=== WHAT YOU SHOULD DO ===
Without copying any picture, transcribe exactly the lines of the data below from the one containing "Relaxed fit trousers" through the one containing "금주의 피파온라인4 이적시장".

(Collected data)

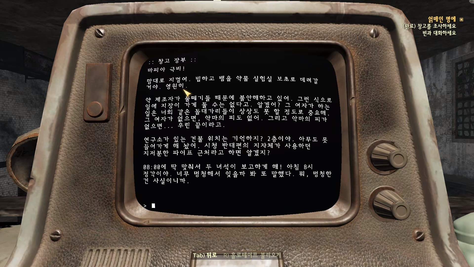 창고 단말기에 접속해 '실험실 보초'를 선택한다. 그리고 빈에게 돌아가서 대화하자.
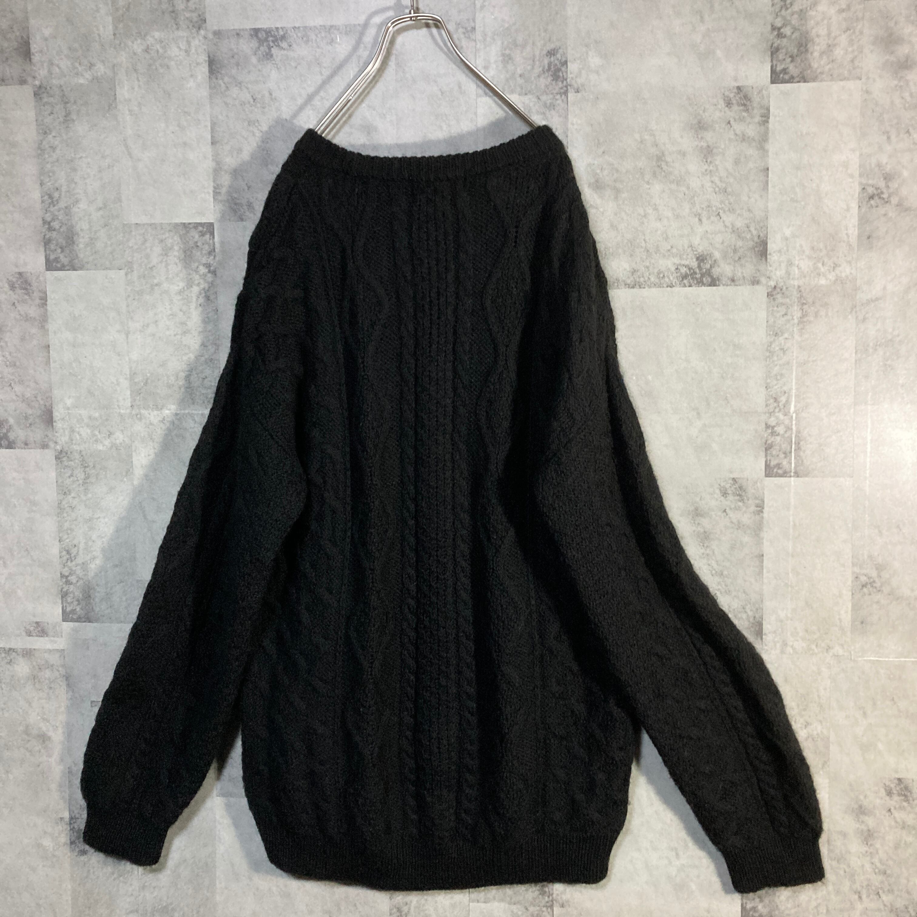 英国製 James Charlotte ジェームスシャルロット ケーブルニット ブラック 36 XL相当
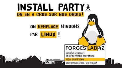 🐝 Jeudi 19 Février à 16h30 : « Install Party » (Linux sur votre ordi). Lieu : ForgesLab42, 11 rue du Dr Rémy Annino à St-Etienne
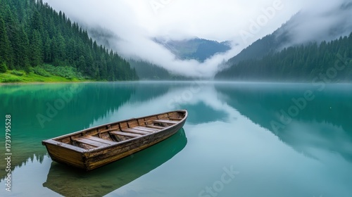 Wooden Boat Resting on a Calm Lake near Misty Mountains
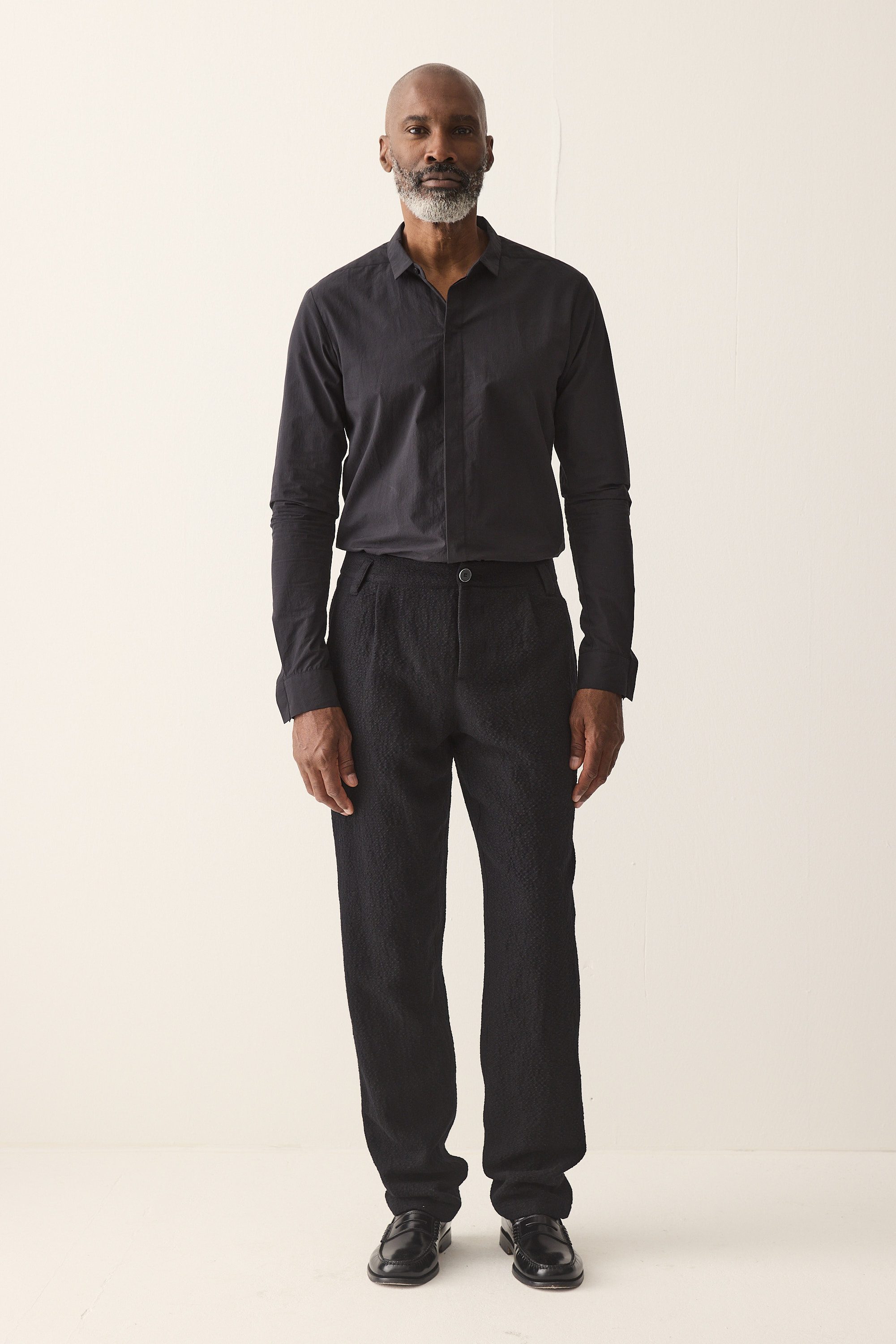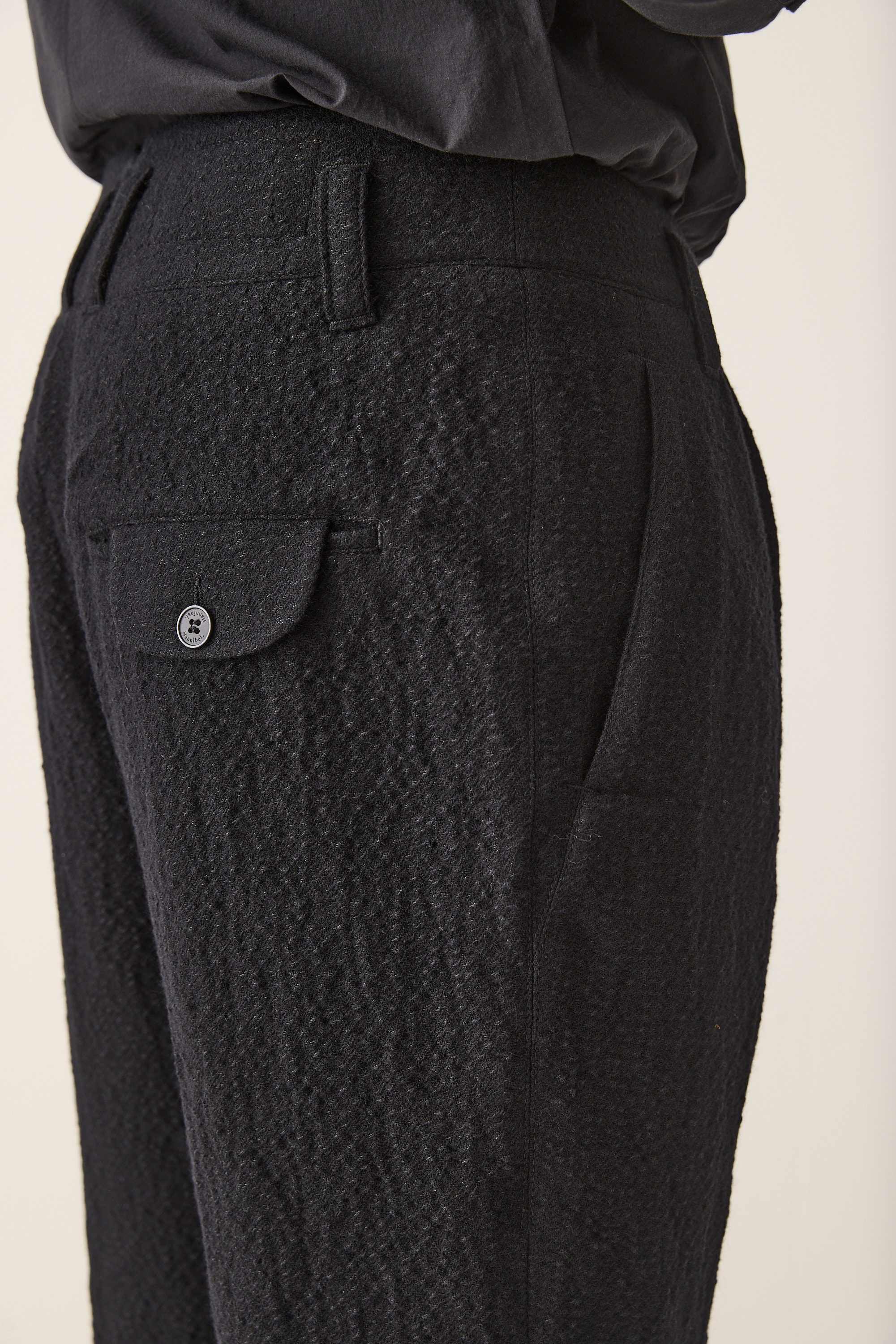 Relaxed fit trousers with a small pleat made from a Japanese wool linen cotton blend
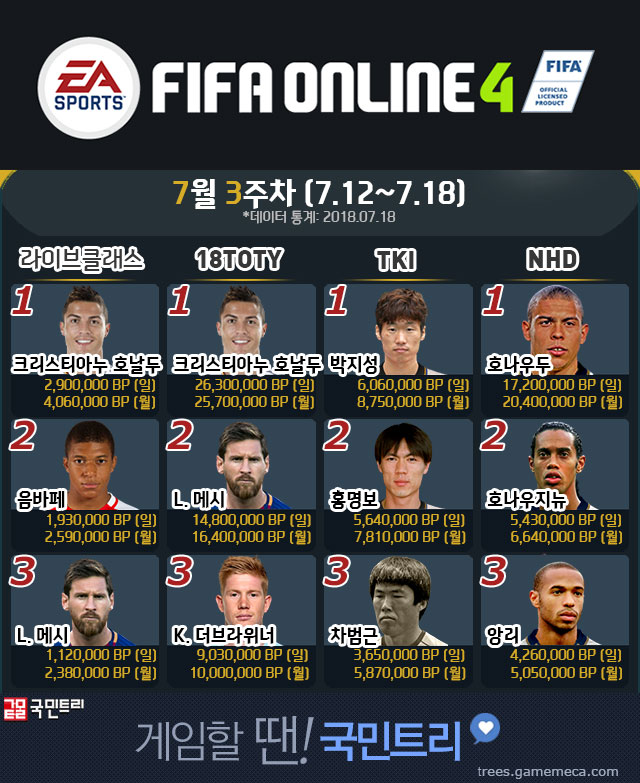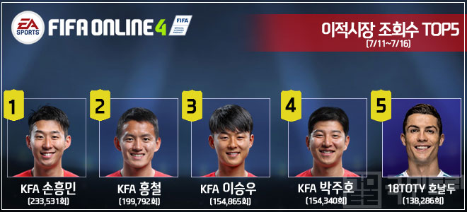 금주의 피파온라인4 이적시장 조회수 순위입니다. 지난 7/14~15일 이틀간 ‘FIFA 월드컵 결승전야제 핫타임’ 이벤트를 실시했는데요. 이벤트 보상으로 2018 KFA 세 장과 행운의 BP카드(5만~100만BP) 카드를 제공하고, PC방에서 누적 접속 보상으로 50만 BP를 추가 지급했죠. 이벤트 보상 때문인지 이적시장에 KFA 카드의 판매량와 조회수가 늘어나 랭킹 TOP5에 KFA 시즌이 계속해서 자리하고 있습니다.
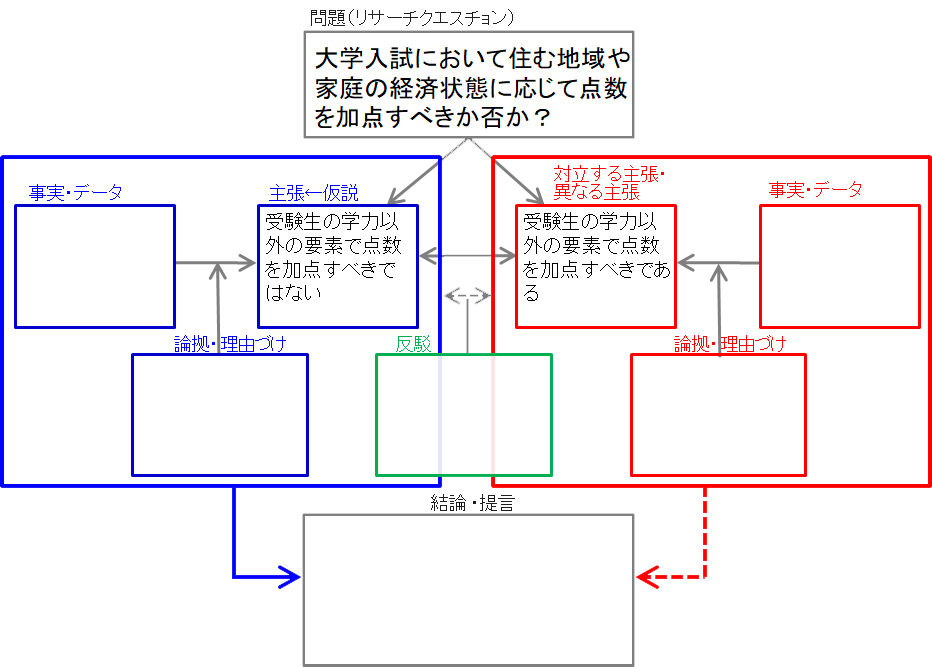 上の設問で、あなたの意見が「加点すべきだ」か「加点すべきでない」のどちらであったかにかかわらず、「加点すべきではない」と考える人の根拠(「事実・データ」と「論拠・理由づけ」)を、以下の資料Aを用いて対話型論証モデルにまとめてください。
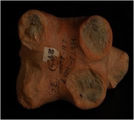| Description / विवरण | Terracotta handmade fragment of animal figurine with pinched ears, snout and leg is partly eroded , partly visible incised design around tail. |
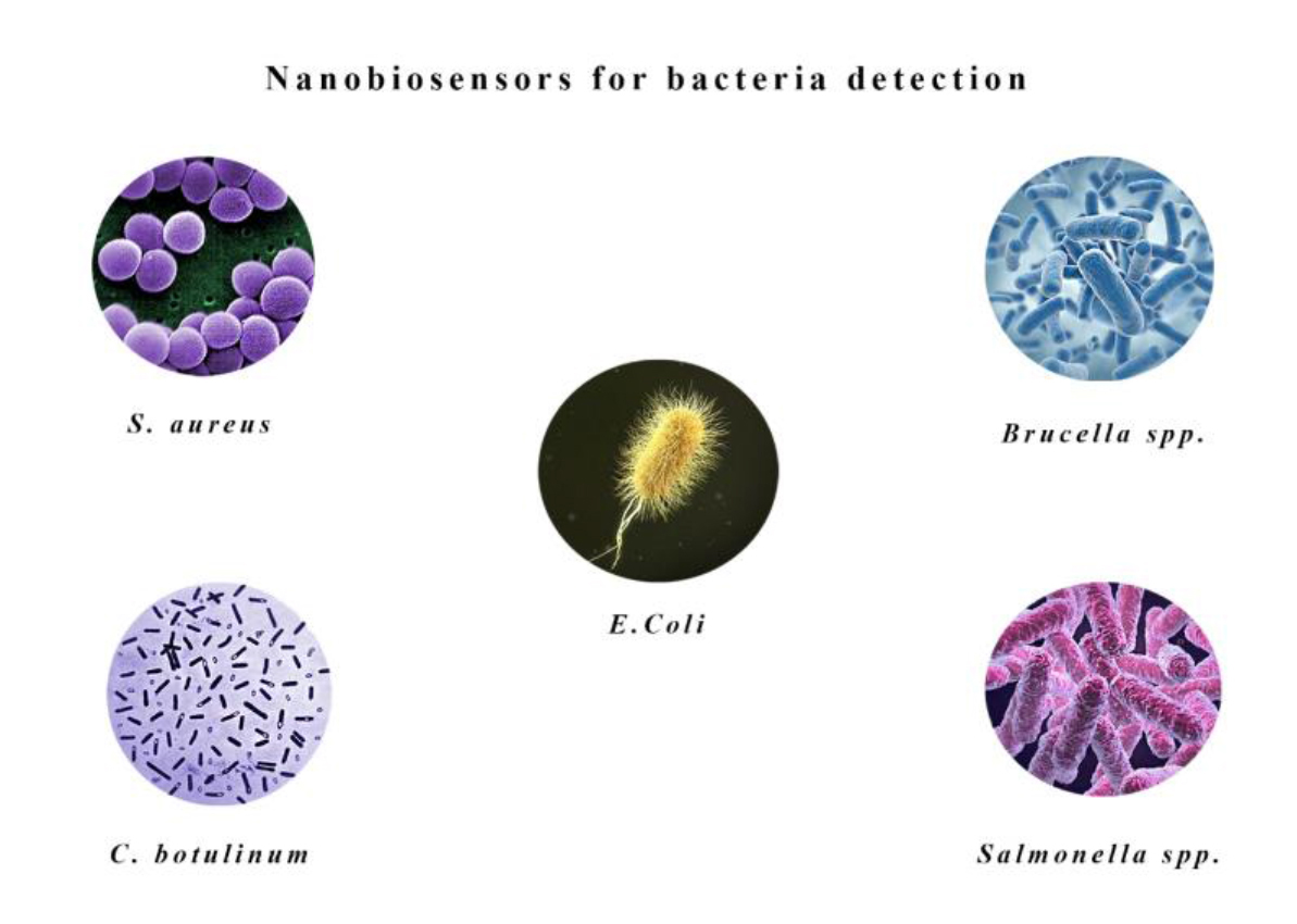 Figure 1.Advances in Nanobiosensors for Bacterial Detection.The development of nanobiosensors has enabled the rapid detection of pathogenic bacteria, including S. aureus, Brucella spp., C. botulinum, Salmonella spp., and E. coli. These biosensors represent a significant innovation in the field, offering highly sensitive and rapid detection methods with considerable potential for application in areas such as food safety, clinical diagnostics and environmental monitoring.
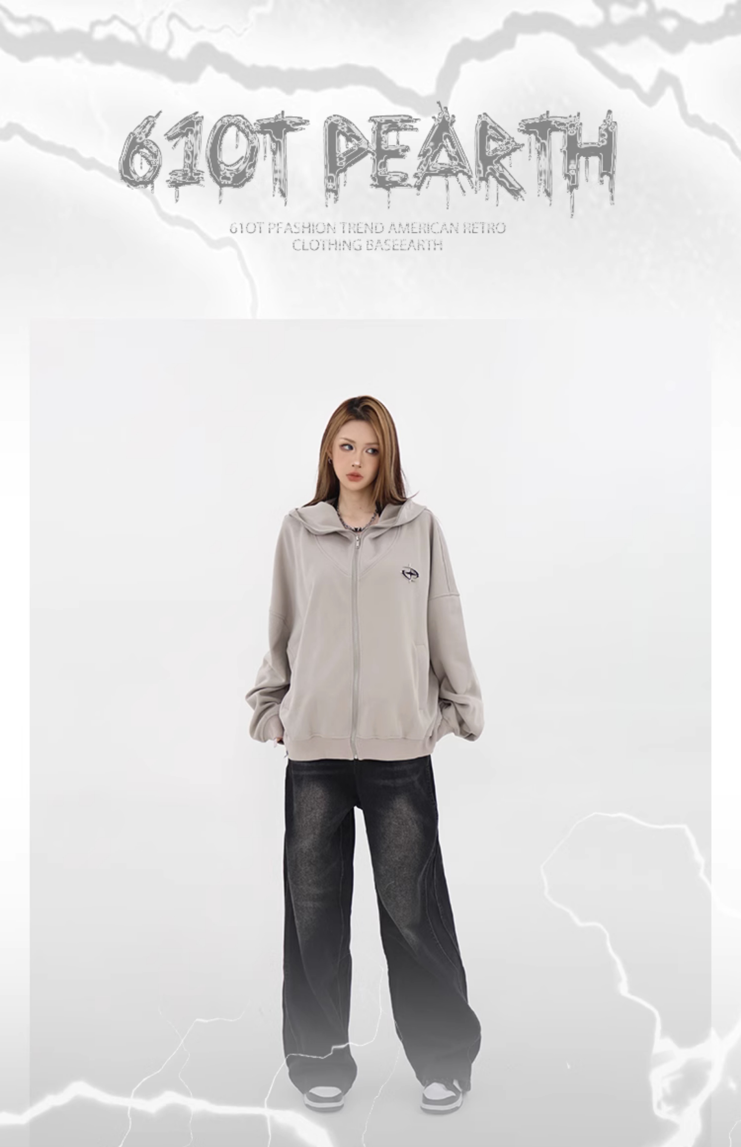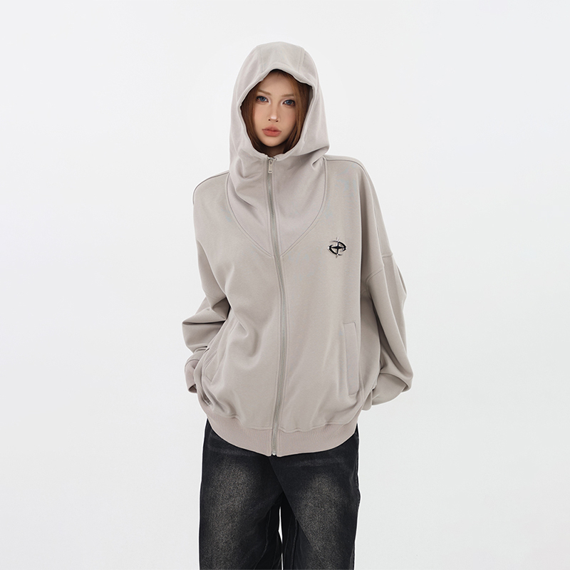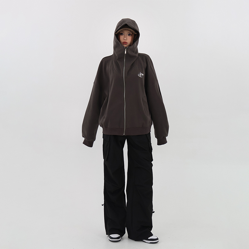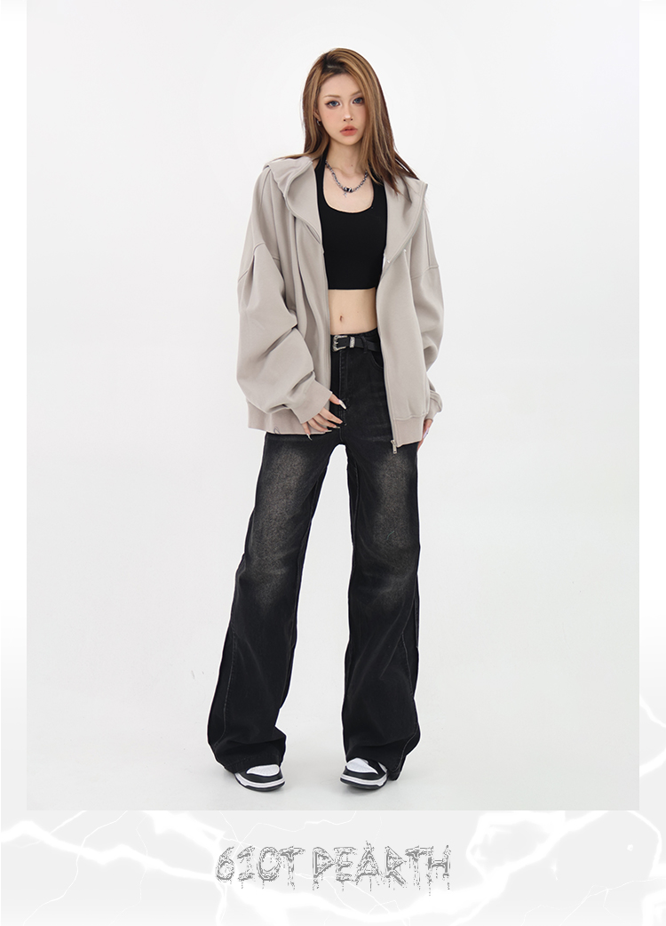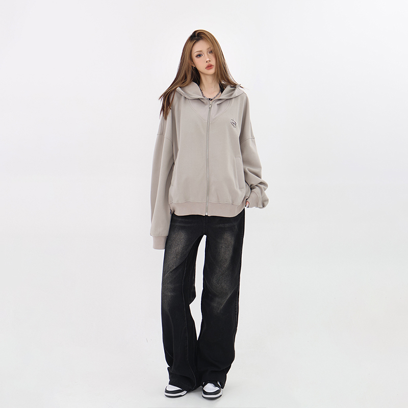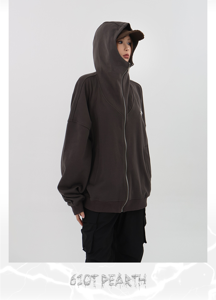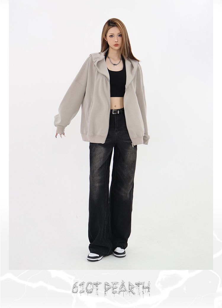 61OT PEARTH美式連帽拉鍊開衫厚棉T外套女2023春秋新款寬鬆休閒潮
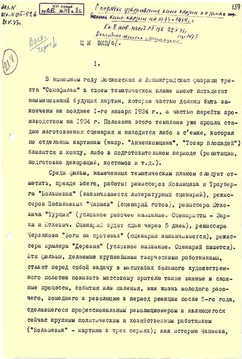 Докладная записка Б. З. Шумяцкого в ЦК ВКП(б) о порядке утверждения кинокартин и о темах кинофильмов на 1933 и 1934 годы. 7 июня 1933
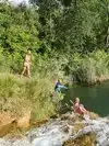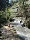 Beautiful easy hike with shaded and sunny spots. There are many little pools and cascades that kids and adults can play in. The path is narrow 2 people walking shoulder to shoulder at some spots. There are benches and picnic tables along the hike and near the water so you could bring a picnic lunch and let the kids play in the water all day.
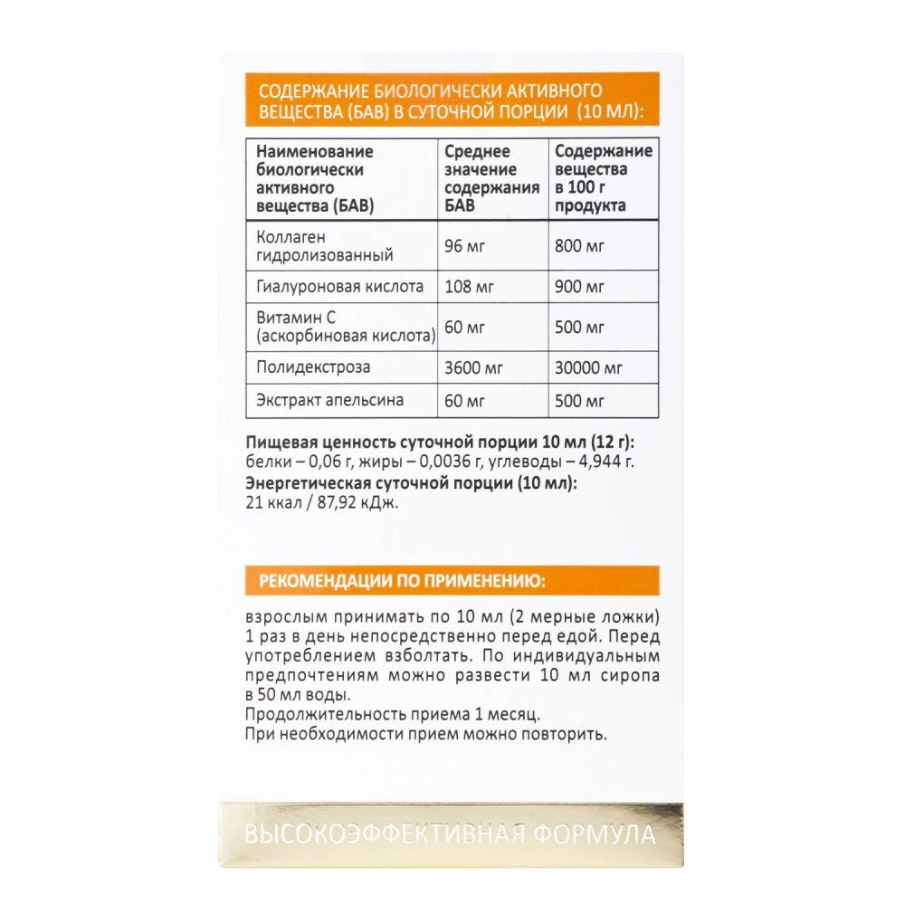 Пропила этот сироп месяц, заметила общее улучшение самочувствия, вставать по утрам стало гораздо легче, наличие в сиропе гиалуроновой кислоты на состоянии кожи никак не отразилось, а вот коллаген заметно подтянул овал лица и очертания фигуры стали более четкими.

=== ANSWER TO THIS TASK ===
 Relaxed fit trousers with a small pleat made from a Japanese wool linen cotton blend
 금주의 피파온라인4 이적시장 조회수 순위입니다. 지난 7/14~15일 이틀간 ‘FIFA 월드컵 결승전야제 핫타임’ 이벤트를 실시했는데요. 이벤트 보상으로 2018 KFA 세 장과 행운의 BP카드(5만~100만BP) 카드를 제공하고, PC방에서 누적 접속 보상으로 50만 BP를 추가 지급했죠. 이벤트 보상 때문인지 이적시장에 KFA 카드의 판매량와 조회수가 늘어나 랭킹 TOP5에 KFA 시즌이 계속해서 자리하고 있습니다.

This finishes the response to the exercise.